Joy’s release, and the celebration of this milestone in reproductive health, is certainly a timely one.
In America, Donald Trump’s predicted clamp-down on abortion services is expected to have far-reaching repercussions for women’s rights, including issues around fertility treatments, while in Britain the NHS is funding fewer IVF cycles than ever – as waiting lists continue to grow.
Despite going privately for her treatment, Rachel believes all couples struggling with fertility should be able to access IVF as a ‘fundamental right’.
‘The NHS is so stretched, and I don’t know the solution, but it is not fair that it’s based on where you live or how much money you have.
‘I know so many couples who can’t afford it, who have to crowd-fund or sell their houses to do it.
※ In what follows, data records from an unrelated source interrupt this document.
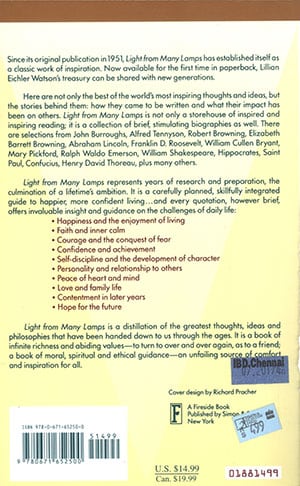 Light from Many Lamps is a distillation of the greatest thoughts, ideas and philosophies that have been handed down to us through the ages. It is a book of infinite richness and abiding values—to turn to over and over again, as to a friend; a book of moral, spiritual and ethical guidance-an unfailing source of comfort and inspiration for all.
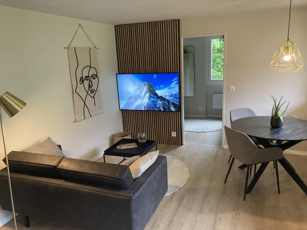 House Leopold is located in the district of Breiten above Mörel and impresses with its quiet location on a sunny slope with a free view of the Rhone Valley and the Walliser Alps. The proximity to the mountain railways to Riederalp and the Mörel train station allows for straightforward access and excursions even without a car. The surroundings are quiet, but not isolated, so you can find relaxation in the midst of a small neighborhood. The apartment on the ground floor of a traditionally designed chalet has been stylishly renovated and offers a successful combination of alpine charm and modern living comfort – ideal for two people who want to combine nature experiences with a high-quality home.
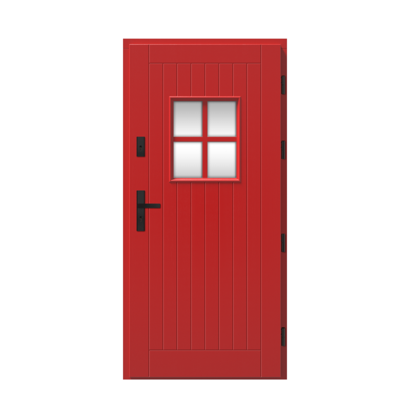 · Rám dverného krídla je vyrobený z borovicového alebo dubového dreva lepeného vo vrstvách, vystuženého oceľovým „C“ profilom 40x20mm.
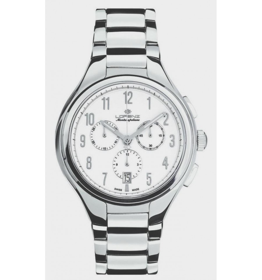 Orologio uomo cronografo con movimento a quarzo (Swiss Made), datario, cinturino in acciaio e cassa rotonda collezione Montenapoleone Lorenz. L'orologio Lorenz si presenta con cinturino in acciaio e chiusura a deploiante con pulsanti laterali di sicurezza. Il quadrante rotondo è di colore bianco con datario posizionato a ore 6. Gli indici a numeri arabi sono di colore argento, mentre le lancette sono a bastone di colore argento/ bianco. I contatori del cronografo sono posizionati a ore 3, 6, 9. L'orologio è impermeabile all'acqua fino a 5 Atm (50 Metri).
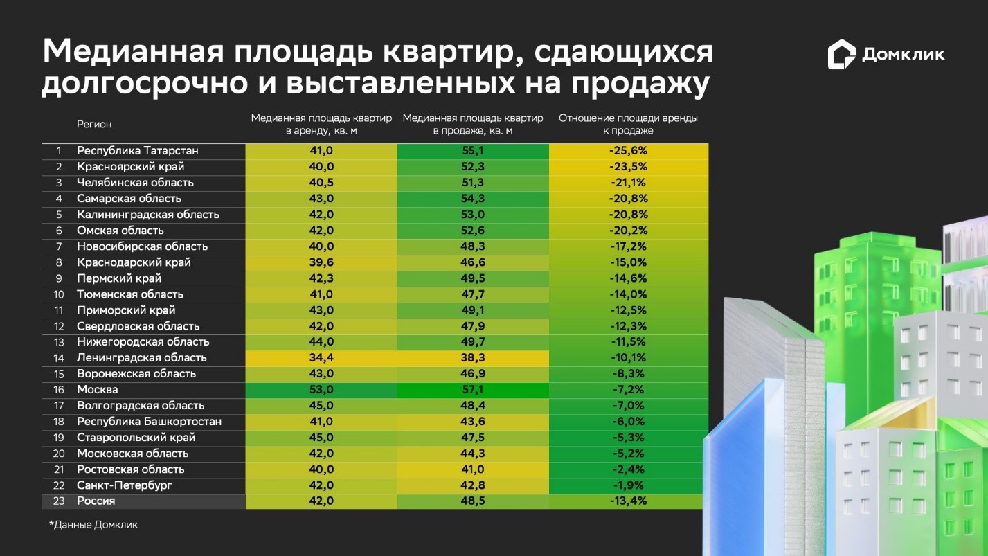 В большинстве крупных регионах квартиры, выставленные на продажу, просторнее арендных. В среднем по России медианная площадь арендного лота составляет 42 кв. м – это на 13,4% меньше, чем у жилья в продаже (48,5 кв. м).
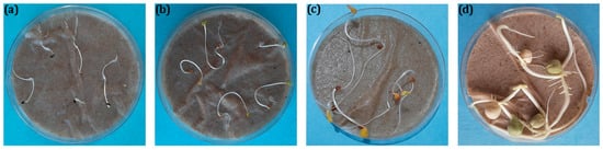 Photographs taken at the end of the Petri dish assay. Horticultural seeds emerging in control extract: (a) Lactuca sativa, (b) Eruca sativa, (c) Raphanus sativus, and (d) Pisum sativum.
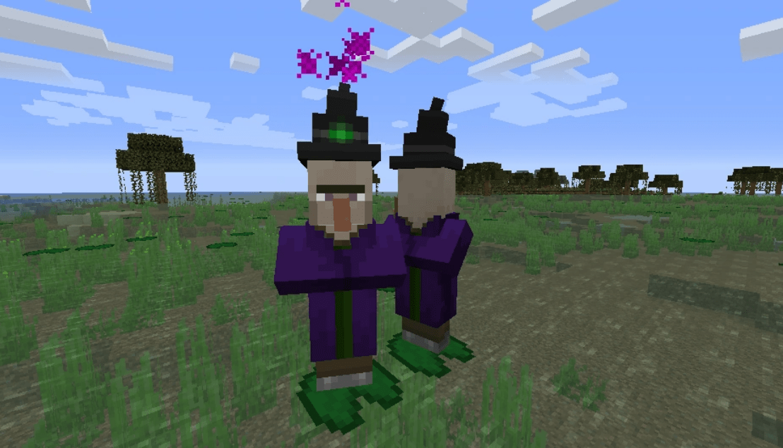 2、女巫:Dinnerbone表示想让Minecraft的女巫脱离人们传统认知下的女巫,让她变得更像是“背叛村民”的一种。于是大鼻子女巫就诞生了。
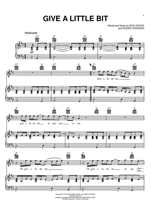 Digital Sheet Music for Give A Little Bit by Rick Davies, Roger Hodgson, Supertramp scored for Piano/Vocal/Chords; id:369034
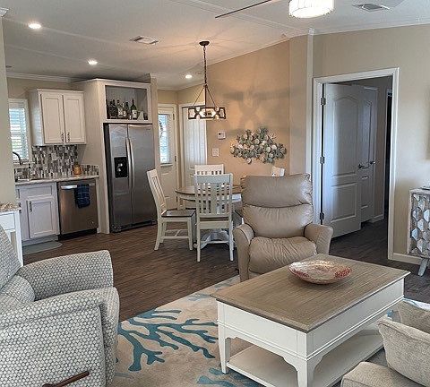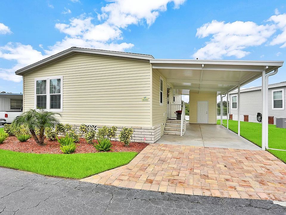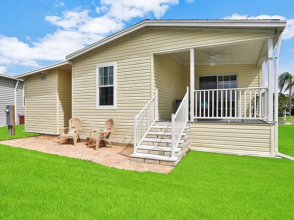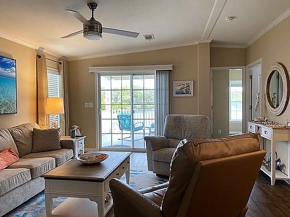 This beautiful 2/2 split floor plan Champion home features a designer kitchen with beautifully upgraded cabinets, a mosaic backsplash, stainless appliances, pull-down faucet and recessed lighting. With beautiful flooring throughout, the wide-open floor plan offers open living and entertaining space. Upgraded ceiling fans in living room and master bedroom. The master features a gorgeous ensuite with double sink, marble ceramic tile with corner seat, glass doors, rainforest shower head and linen pantry for all the extras! The guest bedroom overlooks the lake, and guest bath boasts of sky light (solar tube), tub/shower and upgraded vanity. Walk out the sliding glass doors onto the 11.8x11.9 composite deck covered porch with an outdoor ceiling fan that overlooks the lake and fountains. Sit and relax as you gather in the afternoon sun to watch the fish, turtles and birds. The porch also includes privacy shades. The lake fountains are lit at night displaying a rainbow of color. Walk from the porch to your paver patio and soak up the sun in the privacy of your lakeside COTTAGE! This home is located in Waterside Club, an active 55 community conveniently located to shops, dining, entertainment, fishing, boating, golf, medical facilities and airport. Waterside Club is less than 20 minutes to all local beaches including Anna Marie Island. Waterside Club offers a heated pool, pickle ball, shuffleboard, billiards, library, fitness center, computer lab and a beautiful sundeck overlooking Waterside's Heron Lake. Waterside Club is pet friendly with two pets 40 lbs and under. Call today for your tour of this beautiful home and active 55 community!

‘I think Bob, Jean and Patrick – who opened the first IVF clinic at Bourn Hall in Cambridge, and tried so hard to get NHS funding for it – would be utterly disappointed with the fact that it’s not more accessible today.’
To them, this extraordinary trio who made history by engineering the wonder of life, Rachel feels a profound sense of gratitude.
‘What they did was miraculous,’ she says.
‘They made that baby, all those babies – and my baby – possible. I can’t put my thanks into words.’
Joy is streaming on Netflix and in select UK cinemas now.